Евгений Остапченко отделился от товарищей по команде и пошел на позицию. Странный шум, однако, заставил его остановиться. Обернувшись, он увидел бегущую к нему прямо по полю девушку в славонской форме. Худенькую, высокую, с короткой стрижкой. Она улыбалась и кричала какое-то одно слово. Не разобрать, но не длинное, в два слога. Перед тем как девушку в регбийном броске свалили на траву, Евгений наконец понял, что это было за слово.
Девушка извивалась в руках стюардов и брыкалась, пока ее волокли с поля, но он уже не смотрел в ее сторону. Посмеиваясь, встал на границе штрафной и посмотрел на вратаря. Тот поморщился, будто от яркого блеска.
«Все ты правильно сделал, Жменька. Нормально», – подумал Остапченко. Прозвучал свисток, и Евгений, хищно оскалившись, ринулся к мячу.
3:4
Давыдов медлит, поворачивает мяч, прилипший к ребристому узору на подошве перчатки, как к лапе хамелеона. Ему снова кажется, что внутри что-то есть – что-то совсем легкое, едва ощутимое. Он понимает, что не возьмет больше ни одного удара, неважно, вернется к нему его дар или нет. Что и этот, единственный мяч во всей серии пенальти, он взял в нарушение всех правил, каким-то совершенно нечестным способом.

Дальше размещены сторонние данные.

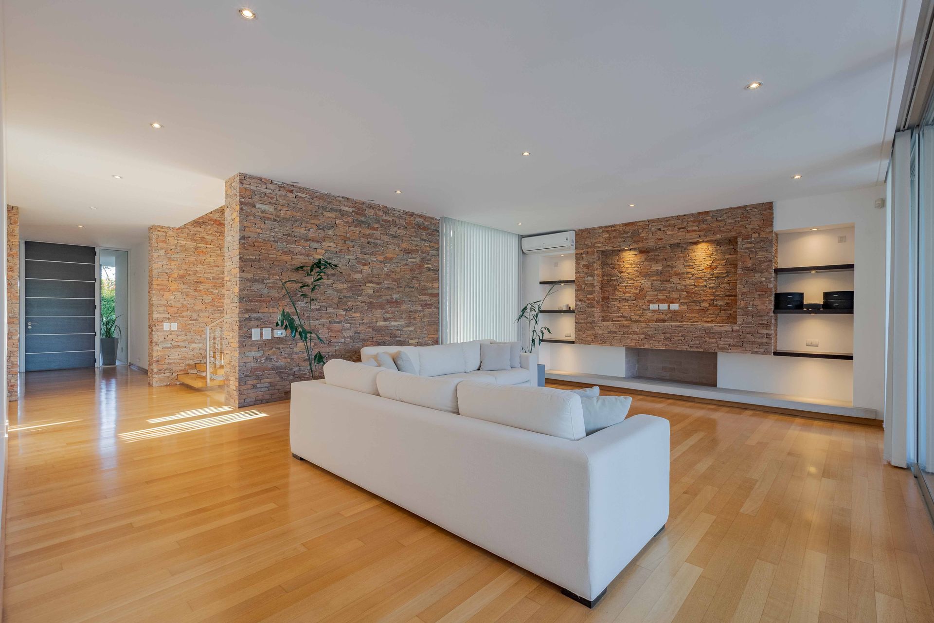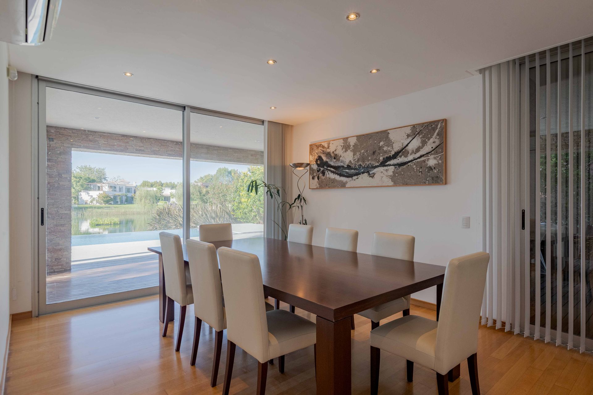 En la planta baja se despliega un amplio hall de ingreso, un escritorio o playroom, un toilette, un living con hogar, un comedor para invitados, una cocina-comedor con área de TV familiar, un lavadero, una dependencia de servicio y una despensa. La planta alta alberga seis habitaciones, incluida una suite principal con vestidor y baño sectorizado. Todas las habitaciones cuentan con balcones que ofrecen vistas al lago o a la terraza frontal, garantizando luz natural y aire fresco.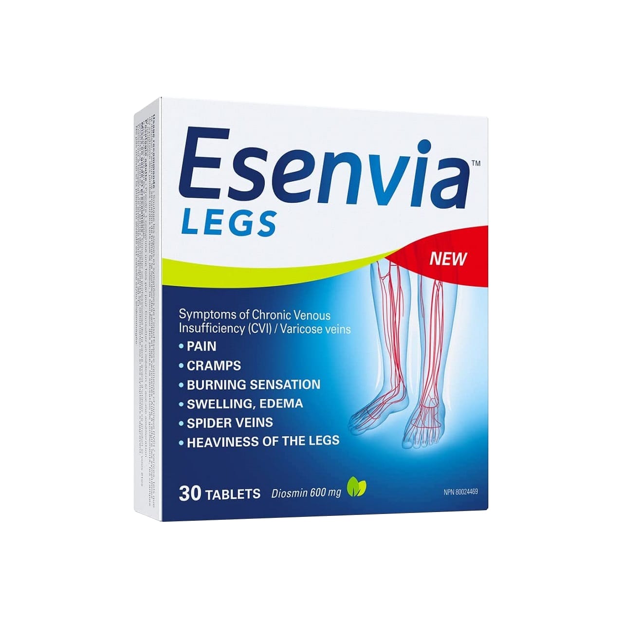Description: Esenvia Legs is an over-the-counter product that is designed to relieve the symptoms of chronic venous insufficiency, including varicose veins, pain, swelling, burning sensation, heaviness of the legs, and spider veins. Esenvia also helps to reduce the symptoms of heavy leg syndrome, such as pain, leg heaviness, and the sensation of swelling, cramps, and edema.

Исполинский экран над затихшим стадионом вспыхивает золотом: оператор взял крупным планом сверкающую гибнущим солнцем раку на VIP-трибуне под президентским бронебойным кубом. Давыдов вспоминает утренний разговор в раздевалке, слова отца Игнатия о том, что в подлинных мощах каждого святого обязательно есть особая душевная косточка. Вспоминает издевательский вопрос Остапченко о том, как долго держится эффект мощей и не стоит ли дополнительно приложиться к ним в перерыве. Игнатий, по которому никогда не поймешь наверняка, говорит он серьезно или придуривается, смерил тогда форварда взглядом, хлопнул ладонями по высоко торчащим под рясой тощим коленям и сказал, поднимаясь со скамьи: «Об этом не думай, Евгеша. Сколько будет надо, столько и приложишься. Просто играй с Богом и ни о чем не тревожься».
Мир начинает вибрировать, и он с отстраненным удивлением понимает, что это его колотит крупная дрожь. Так реагирует тело, первым понявшее то, что никак не вместит в себя разум. Через мгновение понимание приходит, и мозг выражает его пятью словами.
«Как лягушка в футбольном мяче».
Три одновременных воспоминания о трех разговорах пробивают Давыдова навылет, как очередь из ракетницы, делят, собирают воедино и выбрасывают за пределы настоящего.
Он вспоминает – во всех безжалостно четких подробностях, до слова, до жеста, до россыпи крошек на больничном столе, – рассказ матери о том, как в 85-м году она на восьмом месяце поехала в Москву за продуктами и, пробираясь к выходу из магазина, неожиданно оказалась во встречном потоке, штурмовавшем винный отдел, где только что выкинули «Столичную». О том, как ее (его – их!), возможно, спас немолодой мужик с внешностью не то геолога, не то зэка, к которому ее притиснуло и который молча, сосредоточенно, раздавая экономные болезненные удары мешающим, протащил ее вместе с сумками к выходу, вынул, поставил на тротуар, бережно отряхнул, заглянул в лицо. Спросил: «Ты как, дочка? Доктор не нужен?» и, увидев, что цела, что не нужен, ввинтился обратно в серые помятые спины. Мать смеется, но в глазах ее мелькает белизна давнего ужаса, и Давыдову кажется, что он и сам помнит, как тошно его крутило и подбрасывало в сырой темноте под глухой матерный гул, пробивающийся сквозь удары материнского сердца.
Он вспоминает пахнущий водкой рассказ отца о том, как во время его срочной службы в Тикси кунг, в котором он отогревался между постами, опрокинул заряд штормового ветра с океана. Опрокинул и несколько раз перекантовал вниз по склону. Отодвинув совсем уже седую прядь, отец показывает Ивану тонкий шрам между правым виском и глазом, безупречно ровную белую линию: прочерк, оставленный рукой судьбы в графе «Вероятная причина смерти».